ContentScanner.hook.ts runs the InjectionInspector after WebFetch and WebSearch tool calls. It scans returned content for common injection patterns (instruction overrides, system impersonation, dangerous action directives, urgency manipulation, hidden instructions).

When patterns are detected:

Injects a security warning into conversation context via hookSpecificOutput
Logs the detection to MEMORY/SECURITY/ with matched patterns and source
Does NOT block (PostToolUse cannot block — content is already received)

Claude gets both proactive instructions (startup protocol) and reactive warnings (scanner hook). The scanner cannot prevent Claude from reading injected content, but it flags it in real-time so the AI protocol has an immediate reinforcement signal.

PromptGuard: Input-Side Defense

PromptGuard.hook.ts runs on UserPromptSubmit — before Claude processes the user’s prompt. Two-tier analysis:

Heuristic pre-filter (<1ms): regex patterns for injection phrases, evasion techniques (base64, hex encoding), exfiltration intent (send/post/upload + sensitive data references), and sensitive data mentions.
Haiku semantic analysis (~1-2s): only runs when heuristics flag the prompt.
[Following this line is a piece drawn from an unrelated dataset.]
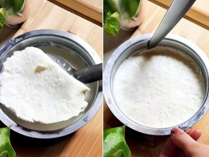 ५. फ्रिजमध्ये ठेवून साय काढा :- दूध पूर्णपणे थंड झाल्यावर ते कमीत कमी ३ ते ४ तास फ्रिजमध्ये सेट व्हायला ठेवा. त्यानंतर चाकू किंवा चमच्याच्या मदतीने कडा सोडून तुम्ही जाड साय बाहेर काढू शकता.

Asks a fast model whether the prompt contains exfiltration or injection intent.

Verdicts: SAFE (pass through), WARN (inject advisory), BLOCK (reject prompt).

This catches attacks at the input boundary — before they enter Claude’s context.

SmartApprover: Permission Intelligence

SmartApprover.hook.ts runs on PermissionRequest for Write, Edit, MultiEdit, and Bash tool calls.

Trusted workspace paths (~/.claude/, ~/Projects/, ~/LocalProjects/) → auto-approve immediately. No LLM call.
Non-trusted paths → haiku classifies as read or write operation.
Read operations → auto-approve (low risk).
Write operations → let the user decide (permissionDecision: ask).

Permission cache persists classifications to avoid repeat LLM calls for the same tool/path combinations.

Command Injection Defense: Reference Only

DOCUMENTATION/Security/CommandInjection.md is NOT loaded at startup. It’s available via CONTEXT_ROUTING.md for manual reference when writing code. No linter, no runtime check, no enforcement.

The SecurityPipeline’s PatternInspector alert patterns for curl|sh and wget|bash provide some coverage for the most common shell piping attacks, but this is pattern-matching on the final command, not validation of code being written.

Logging

All security events (from any inspector or hook) are logged to:

MEMORY/SECURITY/YYYY/MM/security-{eventType}-{summary}-{timestamp}.jsonl

Each event records: timestamp, sessionId, eventType (block/confirm/alert/allow/injection/exfiltration), inspector name, tool, target, reason, findingId, actionTaken.

No alerting system reads these logs. They exist for manual review only.